Принц был настоящим Великим Магистром, которым Марк искренне восхищался.
Де Роган нередко с улыбкой упоминал о девизе своего рода: «Не могу быть королем; не желаю быть герцогом; я — Роган!»
Он обладал передовыми взглядами, широко и четко мыслил. На его столе всегда лежали тома о новейших открытиях в области науки и труды о правильном ведении хозяйства, которые Великий Магистр читал, жертвуя для этого дневным отдыхом.

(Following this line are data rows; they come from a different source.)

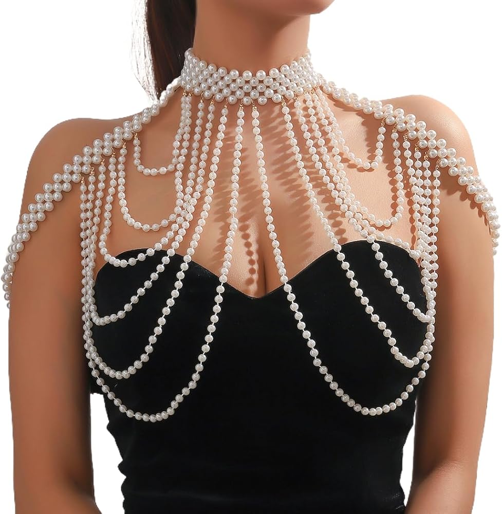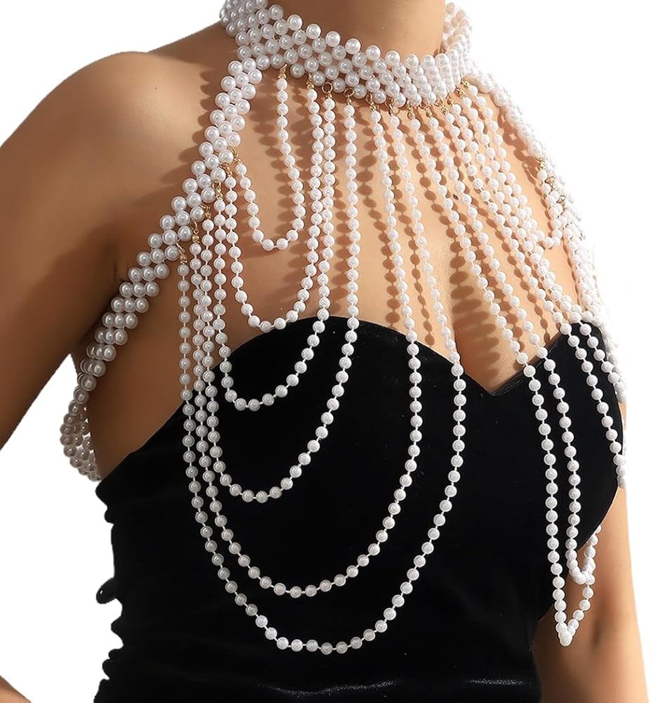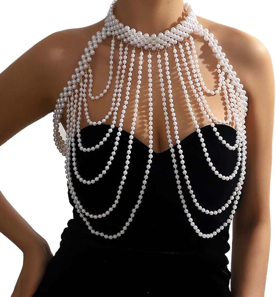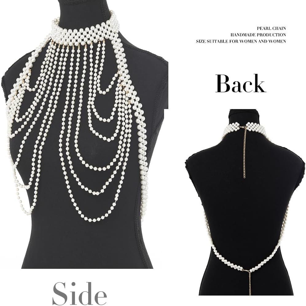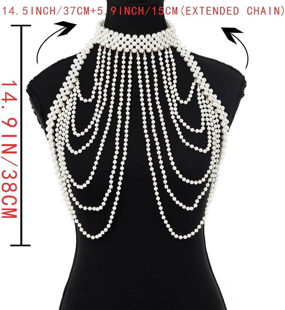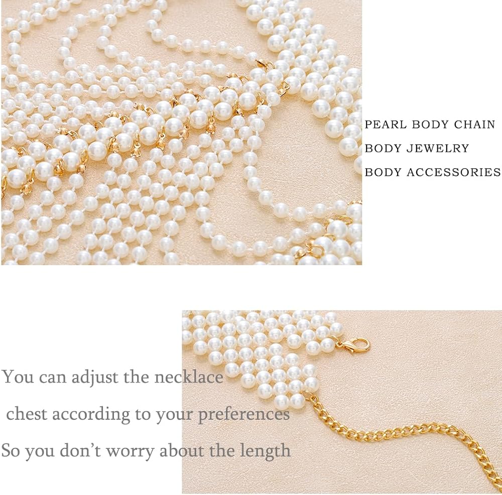 سلسلة جسم حمالة الصدر مصنوعة يدويًا من اللؤلؤ الأبيض، وحجمها يناسب النساء جيدًا، ويمكن تعديلها بشكل مناسب مع السلسلة الممتدة، يمكنك ضبط القلادة والصدر وفقًا لتفضيلاتك. لذلك لا تقلق بشأن الطول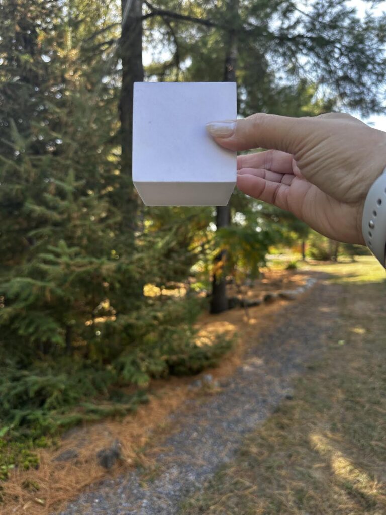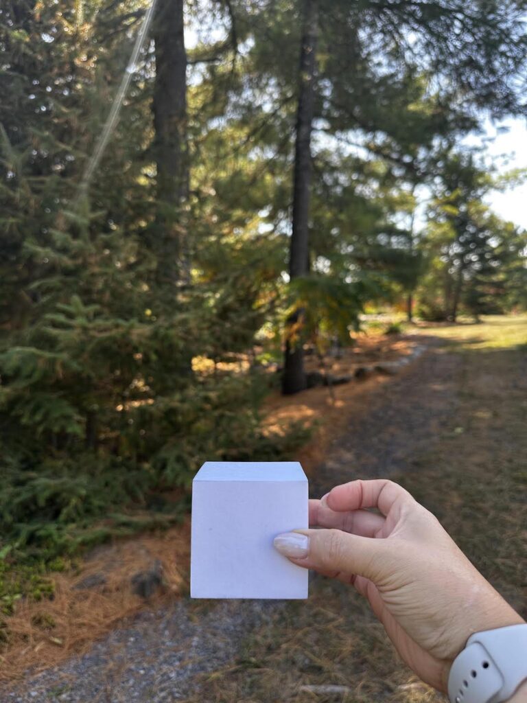 For the next visual exercise, you’ll need a square box, I’m using a simple cube from a geometry learning set.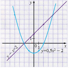 \(\begin{cases} y = 0,5x^2 - 2, \\ y - x = 2 \end{cases}\)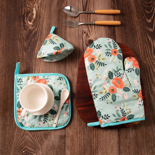 Set of 3 | Oven Glove, Insulation Mat, and Pot Cap Hat Anti Scalding Set

Для всех Эммануил Роган был доступен и приветлив со всеми, перед лицом опасности никогда бы не занял позицию, которой придерживался слабовольный, флегматичный фон Гомпеш, который старался видеть во всем только хорошее по той простой причине, что это приносило значительно меньше огорчений и хлопот.

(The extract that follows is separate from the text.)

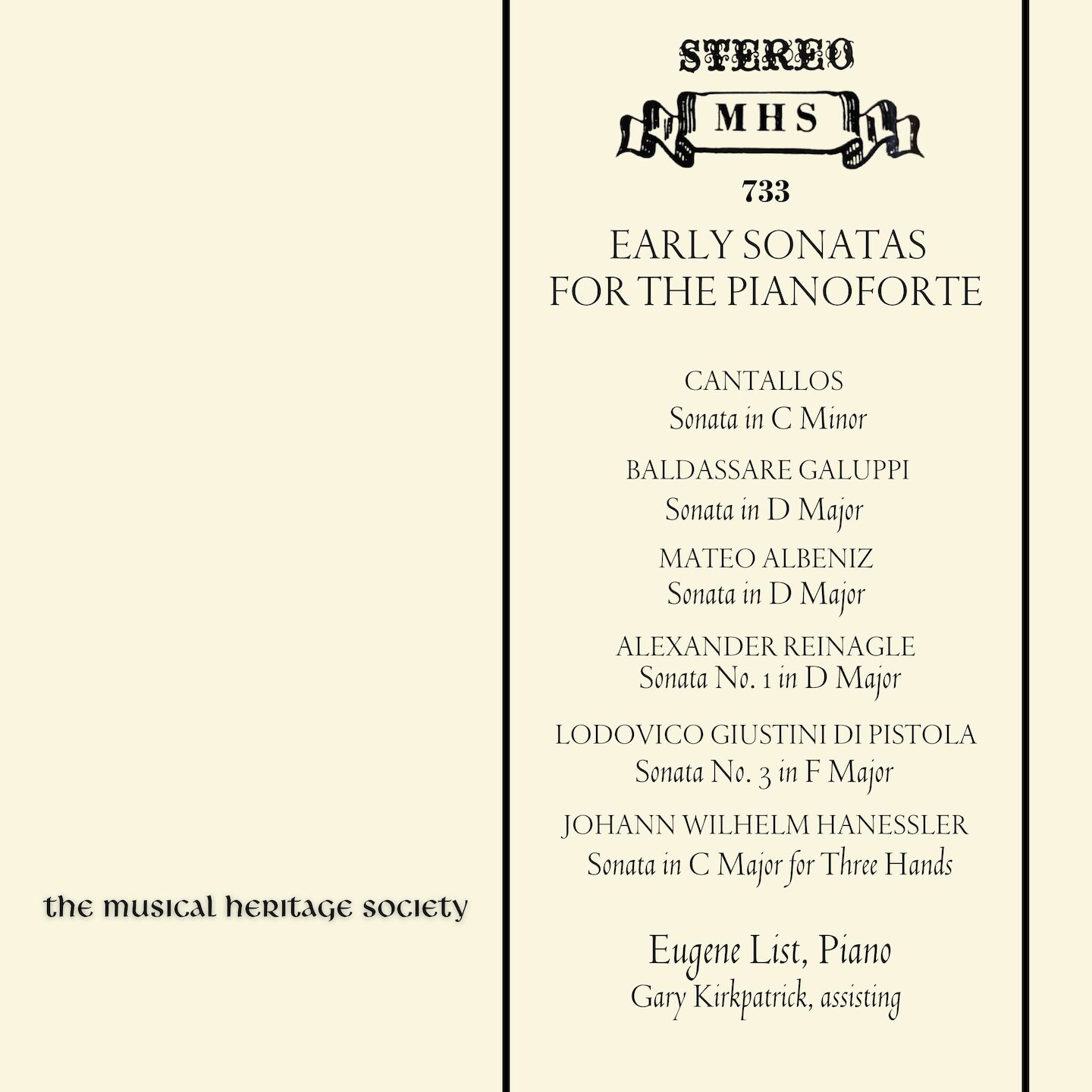 EARLY SONATAS FOR THE PIANOFORTE - Eugene List, piano

«Он витает в облаках и не видит реальности, — с горечью подумал Марк о фон Гомпеше. — В настоящее бурное время Ордену нужен, конечно, другой Великий Магистр».
Объяснять все это Корделии не было смысла. Марк хотел, чтобы она наслаждалась своим пребыванием на Мальте, а не тревожилась и переживала за свое будущее и будущее брата.
Он еще не решил, что предпримет, когда она будет готова покинуть остров, но поскольку ответственность за кузину лежала на нем, то Марк дал себе слово, что обязательно отыщет надежный и безопасный способ переправить ее в Англию, если только Мальте будет угрожать реальная опасность.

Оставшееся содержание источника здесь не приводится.